Gleichzeitig scheinen die Menschen derzeit mit anderen Sorgen als ihrer Gesundheit beschäftigt zu sein. Die wirtschaftliche und soziale Situation belastet uns alle.
Und doch sollten wir wichtige Abklärungen von Krankheiten nicht aus Angst und Verunsicherung über die Zukunft aufschieben.
Diese Meinung vertritt die Vorsitzende des Selbsthilfeverbandes „Dystonie-und-Du e.V.“ (DYD), Ulrike Halsch.
Wie sie ausführt, macht sie sich Gedanken über ausbleibende Diagnostik und Therapie bei Menschen.

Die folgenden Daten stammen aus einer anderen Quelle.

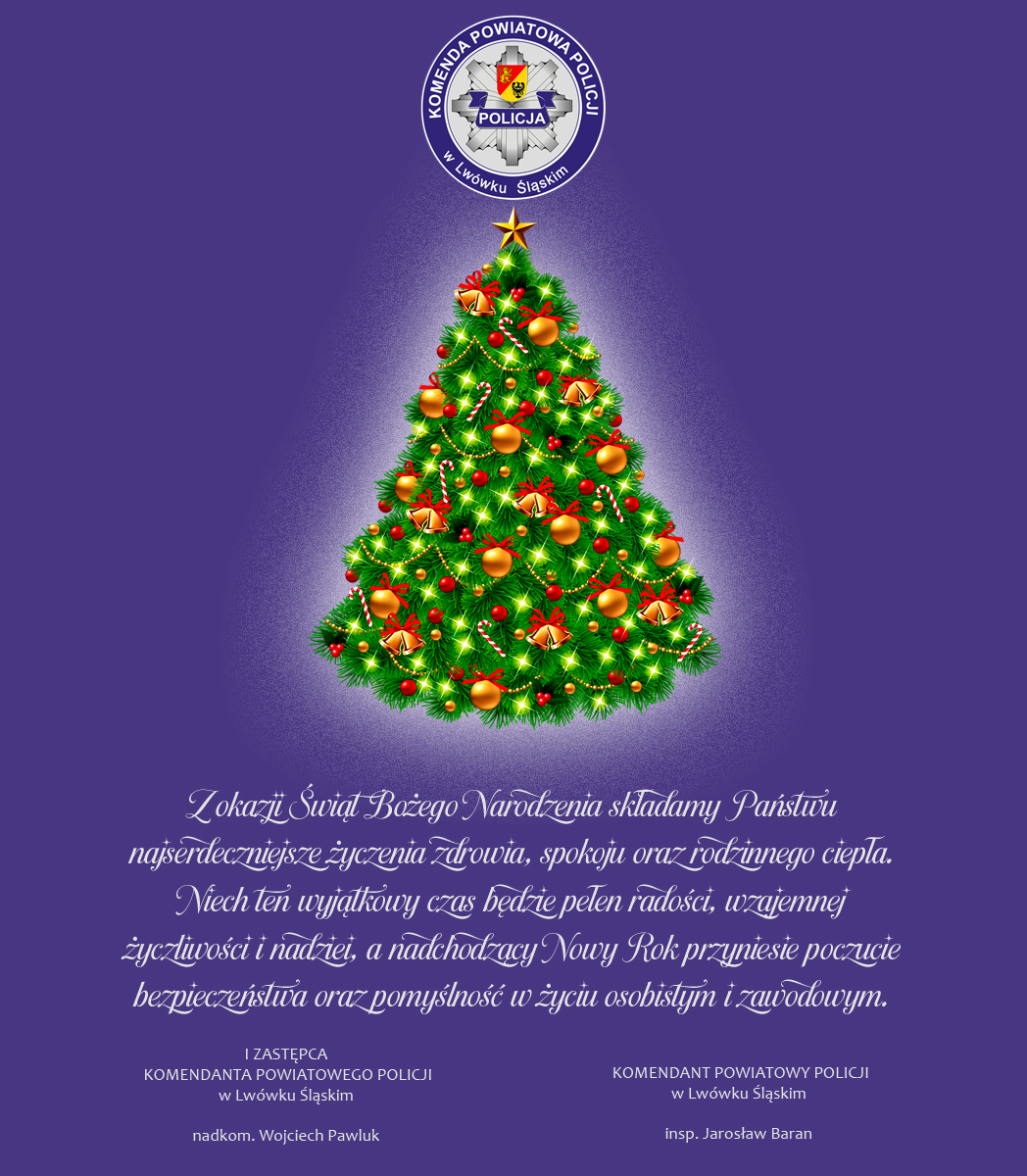 Życzenia świąteczne kierownictwa Komendy Powiatowej Policji w Lwówku Śląskim

Die während der Corona-Lage oder durch die im Ukraine-Konflikt eingetreten Inflation auf obligatorische Vorsorge oder kurative Behandlung ihrer Erkrankung verzichten und stattdessen darauf hoffen, dass all dies im später noch nachgeholt werden kann.
Dabei sei es gerade bei neurologischen Krankheiten wie der Dystonie erforderlich, das mögliche Voranschreiten der Einschränkungen rasch zu erkennen und mit geeigneten Maßnahmen entgegenzuwirken.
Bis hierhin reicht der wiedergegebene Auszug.